If you’re going to go to the trouble of holding the event, be bold!

One of the contestants is a well-known slam poet and teacher, making a return to competition after “retiring” in 2005. Taylor Mali is known for a poem called “What Teachers Make”, which ran around the internet as a bit of what he calls “Inspirational Cyber-Spam” in several different versions, all under the name “Anonymous”.

It’s a good poem and a satisfying tale of a dinner party dressing-down, right up there with the blizzard war story you’re going to write after this weekend. But what caught my eye was a different poem, rendered this way:

Taylor Mali says this animation of his work was done without his permission, but “what would you do when the result is so good?”

How do you make something that is already good, better?

The Big Break-Up

It appears some people in Congress who were faithful supporters of the administration will not go along with the tax compromise announced this week. I guess we need a break-up song for President Obama and factions inside the Democratic Party.

There are many, many break up songs. One of the most popular new ones is by Cee-Lo Green.

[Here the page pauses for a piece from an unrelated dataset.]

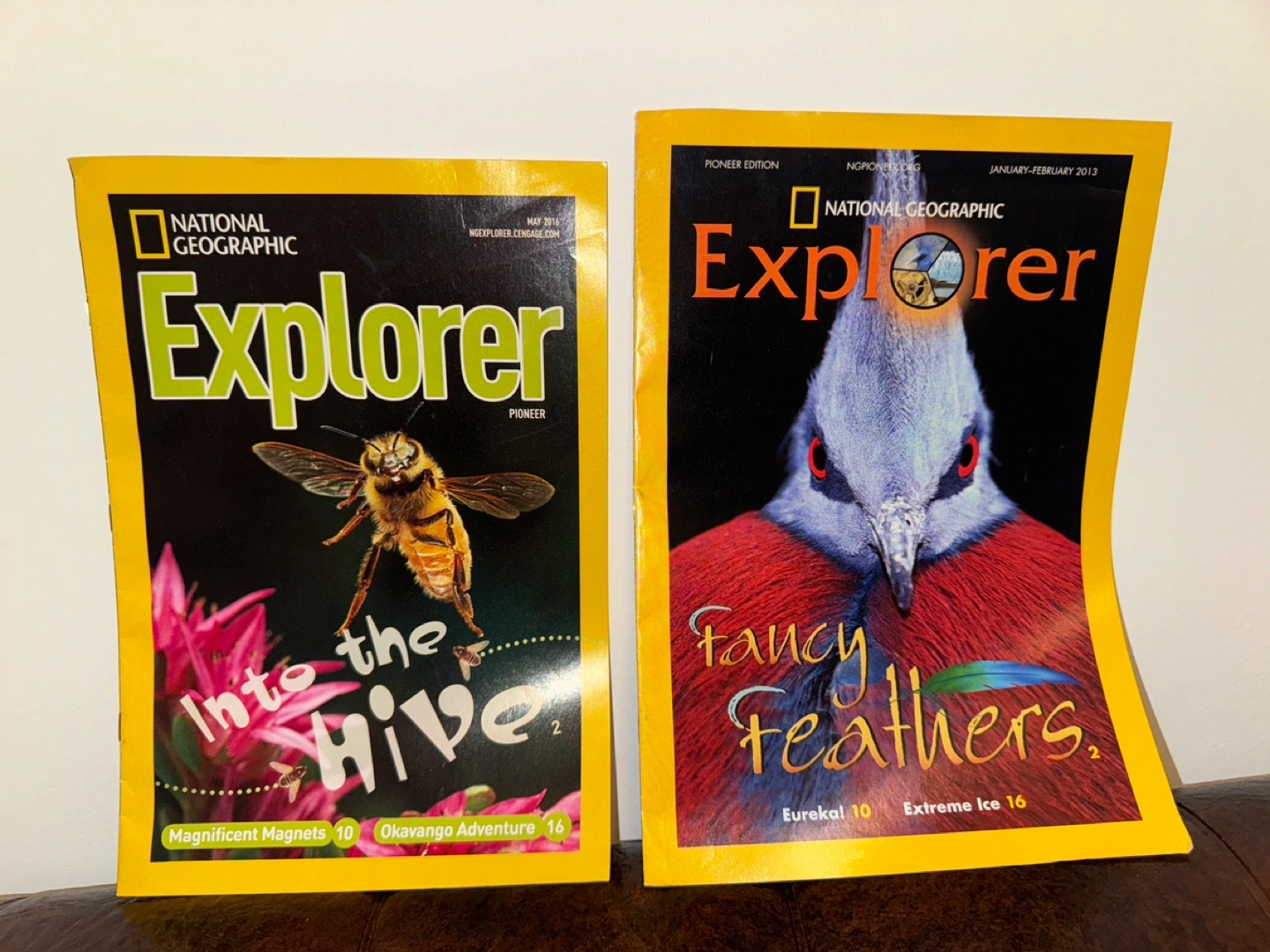 Four National Geographic Explorer magazines. Issues include: January/February 2012, September 2012, May 2012, and January/February 2013. Features penguins, snakes, bees and birds.
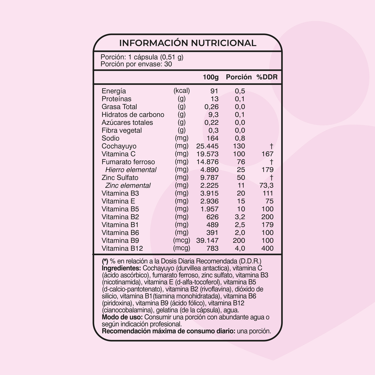 Tomar 1 cápsula en la mañana, de 30 minutos antes del desayuno☀ o con el desayuno siempre y cuando este no incluya lácteos ni té, (calcio dificulta la absorción de hierro).

I see you drivin’ round town
with the girl I love and I’m like,
F— You. Ooo Ooo Ooo.

Catchy tune, and it has the cultural advantage of sounding like the kind of thing you actually hear real people saying on some street corners, in select coffee shops, on certain bus routes, at every local bar, and at the customer service counter in Wal-Mart. But for my money, “F— You” is missing something important – the wounded innocence that makes a break-up song great. And class. I do like the “Ooo Ooo Ooo” part, though.

Lesley Gore, backed up here by her Frantic Handkerchief Dancers, made this one a hit in the mid-60’s.

“It’s My Party” is one of those rare songs that starts with the chorus.

It’s my party, and I’ll cry if I want to
Cry if I want to, cry if I want to
You would cry too if it happened to you

It’s classic lyrical victimhood, and it will work for just about any break up situation or intra-party political dispute as long as you are willing to assume that it’s your birthday and you’ve been wronged in the most public way possible. Plus, it’s catchy, and that’s what most people remember.

The rest of the words … well, we can make them what we want. Right? For President Obama and the Democrats, we could do this:

I thought my guy would stay right by my side
You all know what we had.
But now he’s drifting away
Compromising like mad.

CHORUS

Taxing the rich was our favorite dream
We agreed. It was grand.
Now he’s slow dancing with them
On our line in the sand!

CHORUS

HANDKERCHIEF DANCE BREAK (with sobbing)

He’s says it’s just a bipartisan thing.
He won’t love them like me.
I hoped he never would change.
Oh what audacity!

What is your favorite music for when you’re feeling blue (at a red state party)?